#### Data supplied

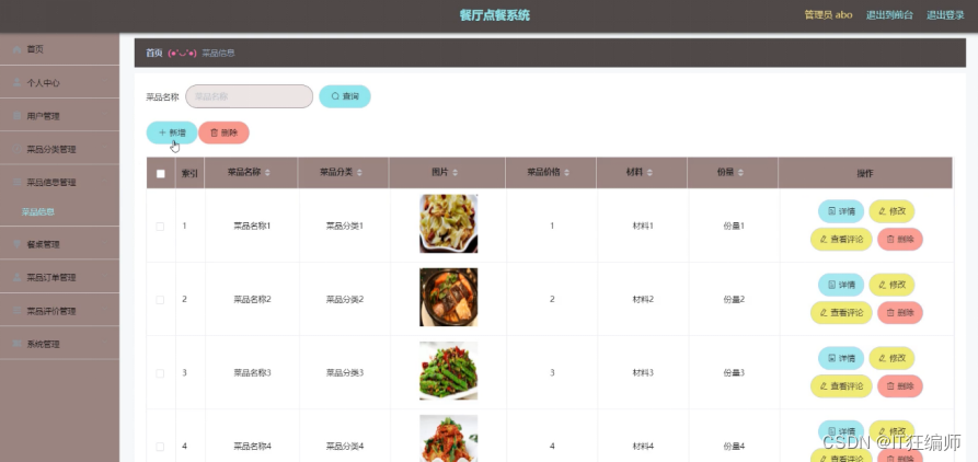 菜品信息管理,在菜品信息管理页面中可以查看菜品名称、菜品分类、图片、材料、分量、价格、菜品介绍等内容,并且根据需要对已有菜品信息管理进行添加,修改或删除等详细操作。
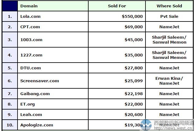 巨頭破產(chǎn)域名lola.com拍出374萬元高價!連“丐幫”都來了!三五互聯(lián)(35.com)6月8日消息,本期的DN交易榜(5.22-6.4)上,短域名占據(jù)了絕大多數(shù)席位,其中賣價最貴的域名是lola.com,成交價為550,000美元,約合人民幣374萬元。
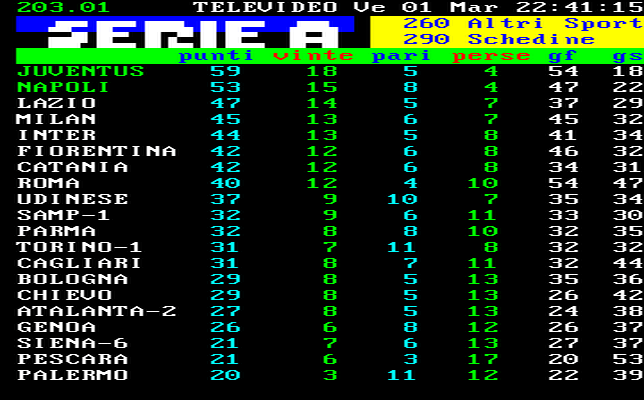 FOTO CLASSIFICA – Napoli-Juventus 1-1, la vetta resta lontana 6 punti 01/03/2013 di vincenzomatino Questa la classifica dopo il pareggio contro la Juventus:
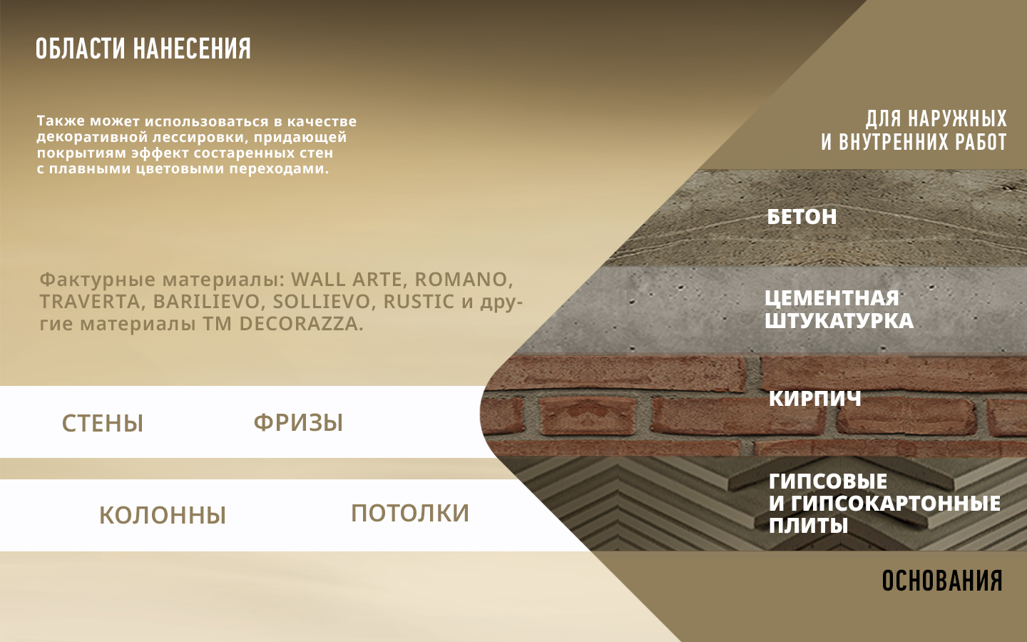 Применяется в качестве финишного декоративного покрытия для создания эффекта плавных цветовых переходов и придания особой выразительности фактурным покрытиям внутри и снаружи помещений.
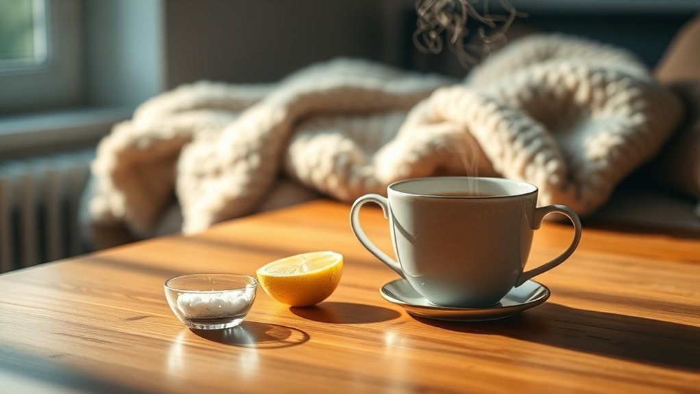 2. Saltwater rinse – Mix a teaspoon of salt in warm water and swish.
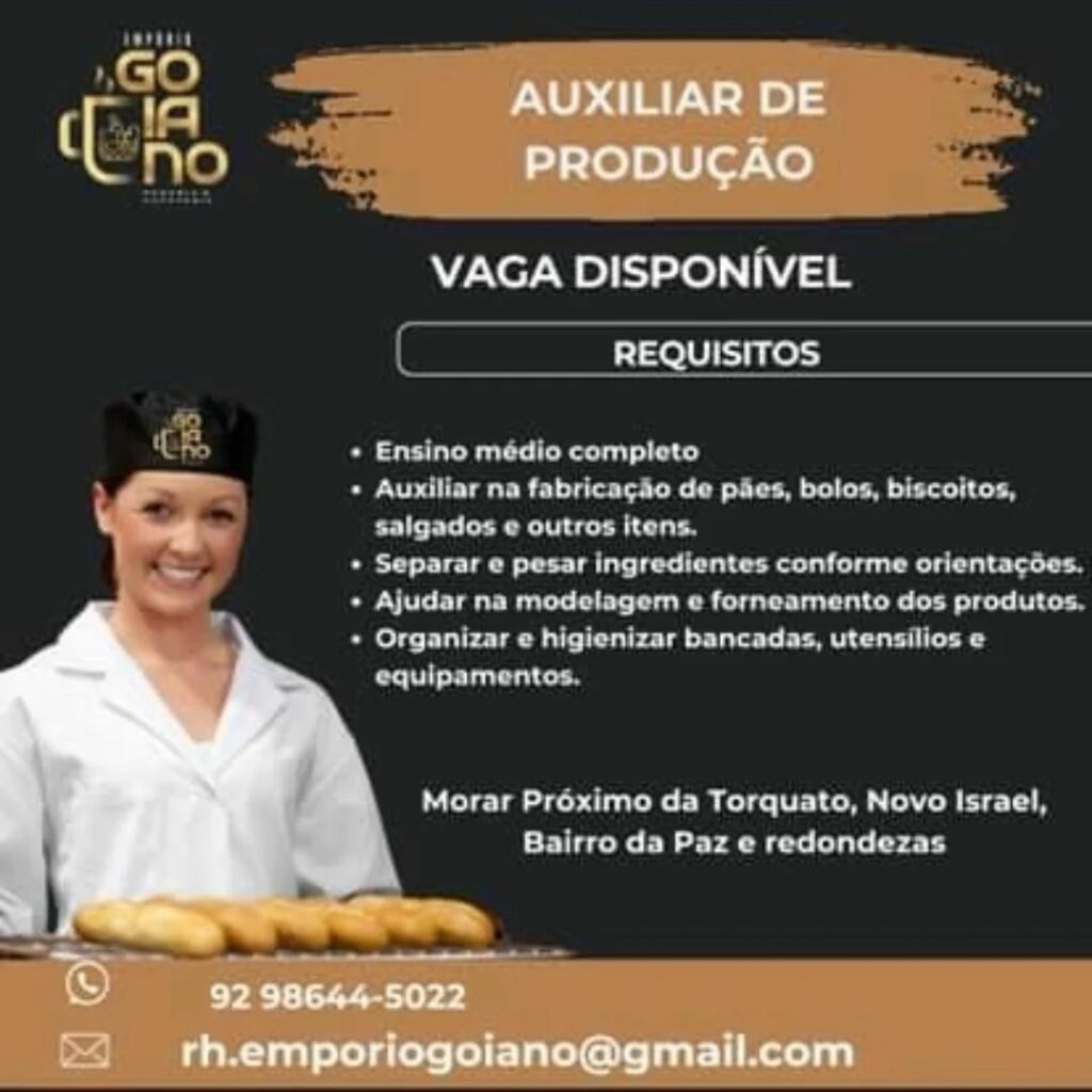 Seleção para seguintes vagas Auxiliar de produção, Auxiliar de serviços gerais, Operadora de caixa, Auxiliar de Produção, Chapeiro (a), Atendente; Envie seu currículo!

########

(Task): Repeat all entries exactly. Skip the pictures.

(Response for this exercise):
 菜品信息管理,在菜品信息管理页面中可以查看菜品名称、菜品分类、图片、材料、分量、价格、菜品介绍等内容,并且根据需要对已有菜品信息管理进行添加,修改或删除等详细操作。
 巨頭破產(chǎn)域名lola.com拍出374萬元高價!連“丐幫”都來了!三五互聯(lián)(35.com)6月8日消息,本期的DN交易榜(5.22-6.4)上,短域名占據(jù)了絕大多數(shù)席位,其中賣價最貴的域名是lola.com,成交價為550,000美元,約合人民幣374萬元。
 FOTO CLASSIFICA – Napoli-Juventus 1-1, la vetta resta lontana 6 punti 01/03/2013 di vincenzomatino Questa la classifica dopo il pareggio contro la Juventus:
 Применяется в качестве финишного декоративного покрытия для создания эффекта плавных цветовых переходов и придания особой выразительности фактурным покрытиям внутри и снаружи помещений.
 2. Saltwater rinse – Mix a teaspoon of salt in warm water and swish.
 Seleção para seguintes vagas Auxiliar de produção, Auxiliar de serviços gerais, Operadora de caixa, Auxiliar de Produção, Chapeiro (a), Atendente; Envie seu currículo!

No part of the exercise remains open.